**Required work:** Keep the text of the data exactly as it is and omit each picture from the copy.

**Provided records:**
---

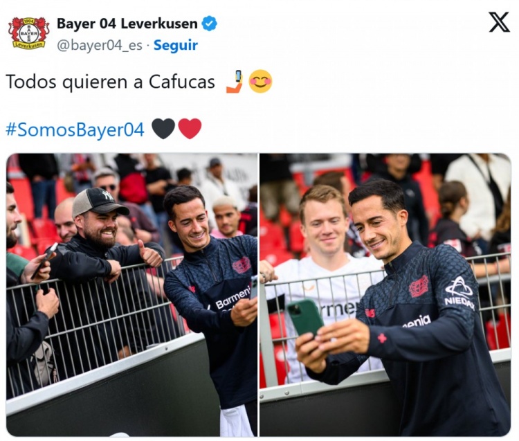 勒沃库森的西语官推也在赛后晒出了巴斯克斯和球迷们的自拍合影并默示:“民众齐心爱‘卡福克斯’。”
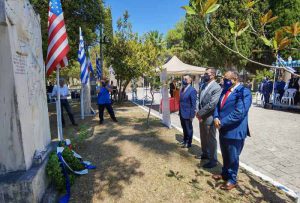 Εν συνεχεία έγινε κατάθεση στεφάνων και ακούστηκαν οι εθνικοί ύμνοι Αμερικής και Ελλάδας.
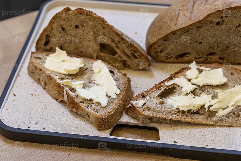 Кусочки свежеиспеченного домашнего ржаного хлеба с намазанным на них домашним маслом. Еда
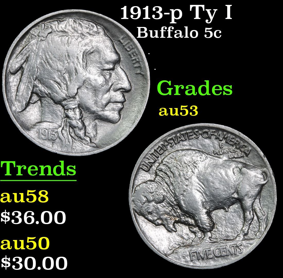 1913-p Ty I . . Buffalo Nickel 5c Grades Select AU.
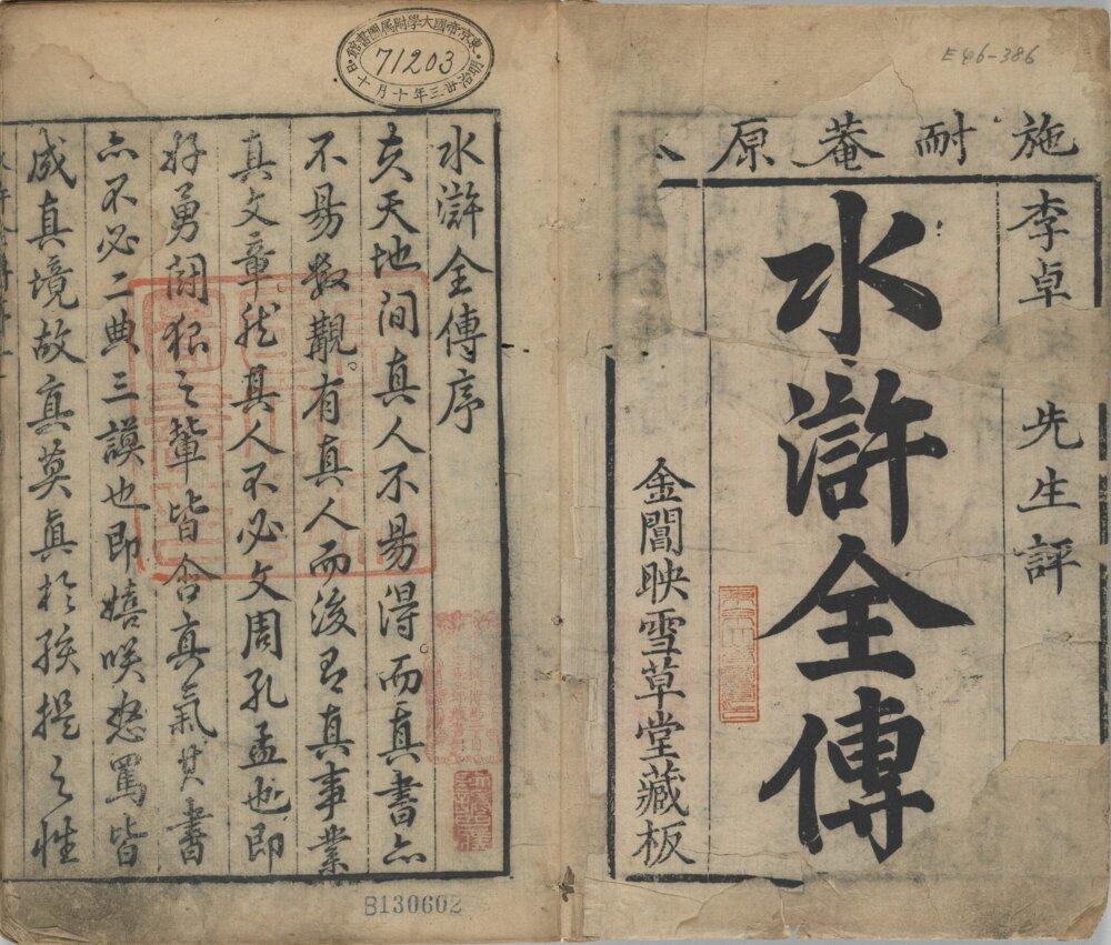 近日浙江有网友要求中小学教材删除与《水浒传》相关的内容,主要理由是“污蔑丑化女性”“歌颂滥杀无辜”“情节血腥暴力”等等。对此,浙江省教育厅的回复中说的,“重要的不在于你‘读了什么书’,而在于你‘怎样把每本书读好’”也得到了不少人赞许。 网友所提的,其实早是老生常谈。《水浒传》成书五百年以来,争议就未曾断过。 明刻金阊映雪草堂刊本 壹 如今所见的《水浒传》小说,大致成书不晚于十六世纪二十年代,即1520~1529年明朝时期。作者至今仍然众说纷纭,有施耐庵说、罗贯中说、施耐庵著前七十回罗贯中补全说、其它作者说不一而足。 《水浒传》情节来自于宋元杂剧戏曲故事,一旦成书就又很快再被改编成戏曲戏剧,因为它更能满足广泛的不识字受众,从而带来更大的商业利益,一如后代的小说改编为影视。来自于正史与戏剧又衍生为戏剧及野史,《水浒传》《三国演义》都是范例。 而戏剧跟小说不同,比如明代剧作家李开先(1502-1568)的传奇《宝剑记》,就把小说中寥寥几句的林冲心理描写充分展露: “[新水令]按龙泉血泪洒征袍,恨天涯一身流落。专心投水浒,回首望天 朝。急走忙逃,顾不得忠和孝。” 这段词即是后来昆曲和京剧中的名段《夜奔》。在电影《霸王别姬》里,旧时梨园子弟从小不必识字去读原著《水浒传》,但台词是必须牢记于心的。 受《水浒传》影响更深的杰作,是署名“兰陵笑笑生”的晚明小说《金瓶梅》。《金》是中国文学史上第一部文人独立创作的长篇小说,但情节终始和男女主角均直接来自《水浒传》的“武(松)十回”。除了西门庆、潘金莲,《金》中还有25个人物与《水浒传》同名,直接移用(今日标准则为抄袭)《水浒传》的韵文多达54处。虽然一则敷演英雄传奇、一则洞察世情人欲,但若以今日标准衡量,《金瓶梅》堪称《水浒传》不折不扣的同人文。 《水浒传》成书后最重要的一次迭代,则是金圣叹(1608-1661)的评点。评点小说虽然不自金圣叹始,但后人如脂砚斋评《红楼梦》无一不受其影响,所谓“批小说之文原不自圣叹创,批小说之派却又自圣叹开也”。 金圣叹只保留了《水浒传》的前七十回,而将后三十回视为糟粕弃去,从文本角度而言确是的见。他对《水浒传》的评价之高,认为甚至比司马迁的《史记》还好。金圣叹自己从十一岁读《水浒传》,一见就爱不释手终生不厌。后来他的儿子金雍长到十岁,他就急不可耐地将《水浒传》列入必读书单。在卖儿卖女、时见饿殍、当众处决的古代,《水浒传》并不显得特别暴力血腥。 贰 明亡清兴,明朝的遗民们复国而不可得,只有将愤慨与无奈放进文字里。顾炎武好友陈忱(1615-1670)所著的《水浒后传》续写水浒故事,讲述征方腊归来幸存的阮小七重新落草、李俊远赴海外执掌岛国暹罗,北宋遭遇靖康之变后剩下32位梁山好汉一起在暹罗安居乐业的故事。锦绣河山被占,遗民泪尽胡尘里王师一去不复返,只好寄望于海外的乌托邦。后来京剧中的名段《打渔杀家》,正是来自于《水浒后传》。 但早在明亡之前,《水浒传》就迎来了两百余年被禁的命运。崇祯十五年(1642),不知道自己两年后就要在煤山上吊的朱由检批准了刑部左给事中左懋第要求焚毁《水浒传》的上书,理由是山东屠夫李青山在梁山泊造反起事,正是因为《水浒传》流毒所致。虽然希望被朝廷招安的李青山最终被明廷诱杀,但造反的底层民众看不懂文言的《孙子兵法》却大致能看懂白话的《水浒传》确是事实,这也是导致《水浒传》被禁的重要原因。朱由检只是想不到一点:李自成未必看过什么《水浒传》。 “刘项原来不读书”,但读了毕竟更危险,所以清廷秉承明廷做法,对《水浒传》这样的小说一直明令禁毁,尤其以康熙、雍正、乾隆、嘉庆、道光时期最为严厉。《红楼梦》里的大家闺秀薛宝钗见识过写鲁智深大闹五台山的戏曲《虎囊弹·山门》“烟蓑雨笠卷单行”,也偷偷看过《西厢记》这样的黄色文学,但《水浒传》这样的禁书是难得一见的。 梁山108将长期只见其形不见其文。(戴敦邦绘) 比如雍正二年规定,违法刻印禁书如《水浒传》的“杖一百,流三千里”、卖书的“杖一百,徒三年”、看书的“杖一百”。乾隆十八年,皇帝上谕中更是首次点名《水浒传》“近有不肖之徒,并不翻译正传,反将《水浒》《西厢记》等小说翻译,使人阅看,诱以为恶。”由于《水浒传》早就恶名在外,所以修《四库全书》时《水浒传》连禁毁名单都没有进,因为早就是一发现就销毁根本用不着再上榜。 但《水浒传》被禁两百余年却始终未失传,原因或许有二:其一是天高皇帝远,清廷的禁令大地方有效、小地方未必无孔不入;其二是印刷术发明后,再要禁绝文字就比秦始皇一把火烧掉更麻烦。反正到了嘉庆之后,陆续出现的《施公案》《彭公案》《三侠五义》《儿女英雄传》这一批清代侠义小说,究极来源和所受影响最深的都是《水浒传》。 随着时代演进,到了光绪、宣统时期,比禁毁小说更焦头烂额的内忧外患多得数不胜数,《水浒传》在市面上也就越来越常见。看着侠义小说长大的唐芸洲写《七剑十三侠》、李善基(还珠楼主)写《蜀山剑侠传》,由《水浒传》影响而生的侠义小说从此演化出现代武侠小说。而从小看着《水浒传》和剑侠剑仙小说长大的金庸,在吸收了西方小说理论之后,又创出了影

---

**Solved exercise:**
 勒沃库森的西语官推也在赛后晒出了巴斯克斯和球迷们的自拍合影并默示:“民众齐心爱‘卡福克斯’。”
 Εν συνεχεία έγινε κατάθεση στεφάνων και ακούστηκαν οι εθνικοί ύμνοι Αμερικής και Ελλάδας.
 Кусочки свежеиспеченного домашнего ржаного хлеба с намазанным на них домашним маслом. Еда
 1913-p Ty I . . Buffalo Nickel 5c Grades Select AU.
 近日浙江有网友要求中小学教材删除与《水浒传》相关的内容,主要理由是“污蔑丑化女性”“歌颂滥杀无辜”“情节血腥暴力”等等。对此,浙江省教育厅的回复中说的,“重要的不在于你‘读了什么书’,而在于你‘怎样把每本书读好’”也得到了不少人赞许。 网友所提的,其实早是老生常谈。《水浒传》成书五百年以来,争议就未曾断过。 明刻金阊映雪草堂刊本 壹 如今所见的《水浒传》小说,大致成书不晚于十六世纪二十年代,即1520~1529年明朝时期。作者至今仍然众说纷纭,有施耐庵说、罗贯中说、施耐庵著前七十回罗贯中补全说、其它作者说不一而足。 《水浒传》情节来自于宋元杂剧戏曲故事,一旦成书就又很快再被改编成戏曲戏剧,因为它更能满足广泛的不识字受众,从而带来更大的商业利益,一如后代的小说改编为影视。来自于正史与戏剧又衍生为戏剧及野史,《水浒传》《三国演义》都是范例。 而戏剧跟小说不同,比如明代剧作家李开先(1502-1568)的传奇《宝剑记》,就把小说中寥寥几句的林冲心理描写充分展露: “[新水令]按龙泉血泪洒征袍,恨天涯一身流落。专心投水浒,回首望天 朝。急走忙逃,顾不得忠和孝。” 这段词即是后来昆曲和京剧中的名段《夜奔》。在电影《霸王别姬》里,旧时梨园子弟从小不必识字去读原著《水浒传》,但台词是必须牢记于心的。 受《水浒传》影响更深的杰作,是署名“兰陵笑笑生”的晚明小说《金瓶梅》。《金》是中国文学史上第一部文人独立创作的长篇小说,但情节终始和男女主角均直接来自《水浒传》的“武(松)十回”。除了西门庆、潘金莲,《金》中还有25个人物与《水浒传》同名,直接移用(今日标准则为抄袭)《水浒传》的韵文多达54处。虽然一则敷演英雄传奇、一则洞察世情人欲,但若以今日标准衡量,《金瓶梅》堪称《水浒传》不折不扣的同人文。 《水浒传》成书后最重要的一次迭代,则是金圣叹(1608-1661)的评点。评点小说虽然不自金圣叹始,但后人如脂砚斋评《红楼梦》无一不受其影响,所谓“批小说之文原不自圣叹创,批小说之派却又自圣叹开也”。 金圣叹只保留了《水浒传》的前七十回,而将后三十回视为糟粕弃去,从文本角度而言确是的见。他对《水浒传》的评价之高,认为甚至比司马迁的《史记》还好。金圣叹自己从十一岁读《水浒传》,一见就爱不释手终生不厌。后来他的儿子金雍长到十岁,他就急不可耐地将《水浒传》列入必读书单。在卖儿卖女、时见饿殍、当众处决的古代,《水浒传》并不显得特别暴力血腥。 贰 明亡清兴,明朝的遗民们复国而不可得,只有将愤慨与无奈放进文字里。顾炎武好友陈忱(1615-1670)所著的《水浒后传》续写水浒故事,讲述征方腊归来幸存的阮小七重新落草、李俊远赴海外执掌岛国暹罗,北宋遭遇靖康之变后剩下32位梁山好汉一起在暹罗安居乐业的故事。锦绣河山被占,遗民泪尽胡尘里王师一去不复返,只好寄望于海外的乌托邦。后来京剧中的名段《打渔杀家》,正是来自于《水浒后传》。 但早在明亡之前,《水浒传》就迎来了两百余年被禁的命运。崇祯十五年(1642),不知道自己两年后就要在煤山上吊的朱由检批准了刑部左给事中左懋第要求焚毁《水浒传》的上书,理由是山东屠夫李青山在梁山泊造反起事,正是因为《水浒传》流毒所致。虽然希望被朝廷招安的李青山最终被明廷诱杀,但造反的底层民众看不懂文言的《孙子兵法》却大致能看懂白话的《水浒传》确是事实,这也是导致《水浒传》被禁的重要原因。朱由检只是想不到一点:李自成未必看过什么《水浒传》。 “刘项原来不读书”,但读了毕竟更危险,所以清廷秉承明廷做法,对《水浒传》这样的小说一直明令禁毁,尤其以康熙、雍正、乾隆、嘉庆、道光时期最为严厉。《红楼梦》里的大家闺秀薛宝钗见识过写鲁智深大闹五台山的戏曲《虎囊弹·山门》“烟蓑雨笠卷单行”,也偷偷看过《西厢记》这样的黄色文学,但《水浒传》这样的禁书是难得一见的。 梁山108将长期只见其形不见其文。(戴敦邦绘) 比如雍正二年规定,违法刻印禁书如《水浒传》的“杖一百,流三千里”、卖书的“杖一百,徒三年”、看书的“杖一百”。乾隆十八年,皇帝上谕中更是首次点名《水浒传》“近有不肖之徒,并不翻译正传,反将《水浒》《西厢记》等小说翻译,使人阅看,诱以为恶。”由于《水浒传》早就恶名在外,所以修《四库全书》时《水浒传》连禁毁名单都没有进,因为早就是一发现就销毁根本用不着再上榜。 但《水浒传》被禁两百余年却始终未失传,原因或许有二:其一是天高皇帝远,清廷的禁令大地方有效、小地方未必无孔不入;其二是印刷术发明后,再要禁绝文字就比秦始皇一把火烧掉更麻烦。反正到了嘉庆之后,陆续出现的《施公案》《彭公案》《三侠五义》《儿女英雄传》这一批清代侠义小说,究极来源和所受影响最深的都是《水浒传》。 随着时代演进,到了光绪、宣统时期,比禁毁小说更焦头烂额的内忧外患多得数不胜数,《水浒传》在市面上也就越来越常见。看着侠义小说长大的唐芸洲写《七剑十三侠》、李善基(还珠楼主)写《蜀山剑侠传》,由《水浒传》影响而生的侠义小说从此演化出现代武侠小说。而从小看着《水浒传》和剑侠剑仙小说长大的金庸,在吸收了西方小说理论之后,又创出了影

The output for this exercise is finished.